B2 finish_reason never "length" google_to_openai_finish_reason() helper maps MAX_TOKENS"length", SAFETY/RECITATION/etc→"content_filter". Applied to all paths.
B3 reasoning always null build_response_object now echoes client's reasoning_effort from RequestParams.
B4 tool_choice always "auto" Changed from &'static str to serde_json::Value.

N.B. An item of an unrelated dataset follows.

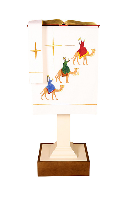 This scarf features the three Wise Men on their way to seek the new born King. It also displays the Star Cross, which appears on all the pieces in this Christmas parament set. Standard size is 20” wide x 42” deep (42” depth includes a 24” front drop). Custom sizing available. Please call our custom sales department at 1-800-237-7511 for assistance. Made in the USA.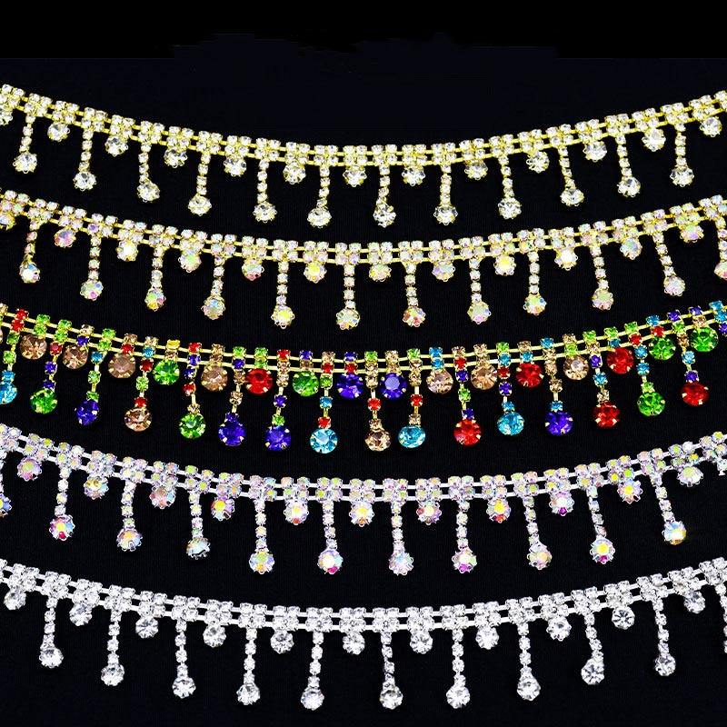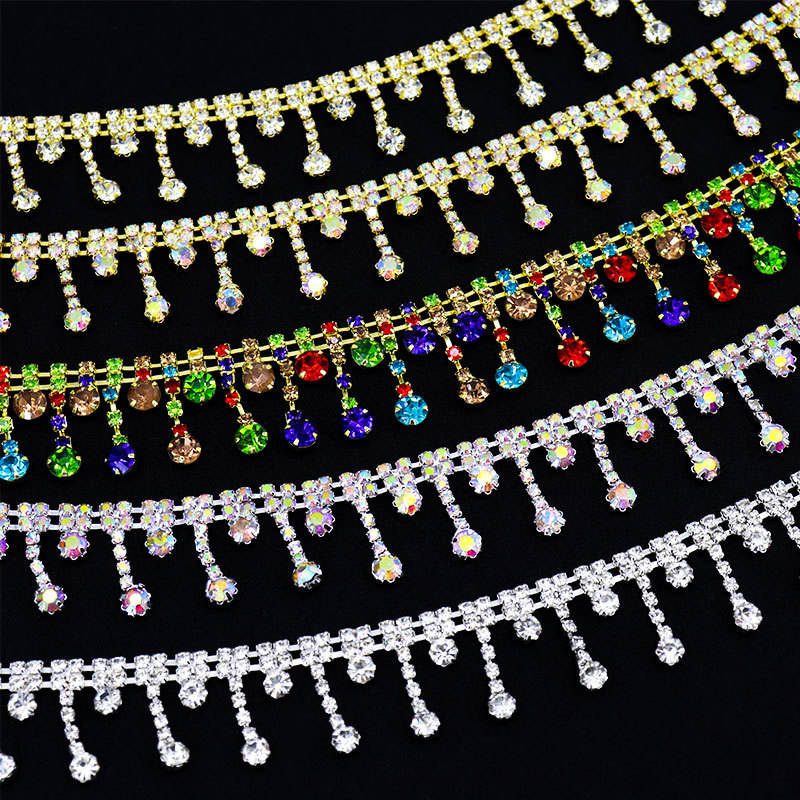 CZ strass di cristallo con strass in vetro con catena di nappe frangia accessori per vestiti borsa Costume scarpe con artiglio Set di quadri di diamanti

Echoes whatever the client sent.
B5 tools always [] Echoes the client's tools array in the response.
B7 temperature/top_p wrong Already defaults to 1.0 via unwrap_or(1.0). Was a false positive — no fix needed.

Acceptable / Won't Fix

# Bug Status
B6 Usage::estimate fake tokens as fallback Only triggers on timeout/error paths. Heuristic len/4 is reasonable for timeouts where output tokens = 0.

TODO — New Features

Trivial (all done )

All trivial response shape fixes have been implemented.

Medium (schema injection via MITM) — all done

All structured output features have been implemented.

Hard (new features)

# Gap API Notes
7 parallel_tool_calls Both Accept param, echo in response. Can't enforce server-side.

Stretch (research needed)

# Gap API Notes
12 Audio input Both Audio modalities not yet supported. Vision/images work via MITM.

Won't Implement

# Gap Reason
9 prediction (Predicted Output) Inference-level speculative decoding optimization. No Gemini equivalent.
10 logprobs / top_logprobs Gemini never exposes token-level log probabilities.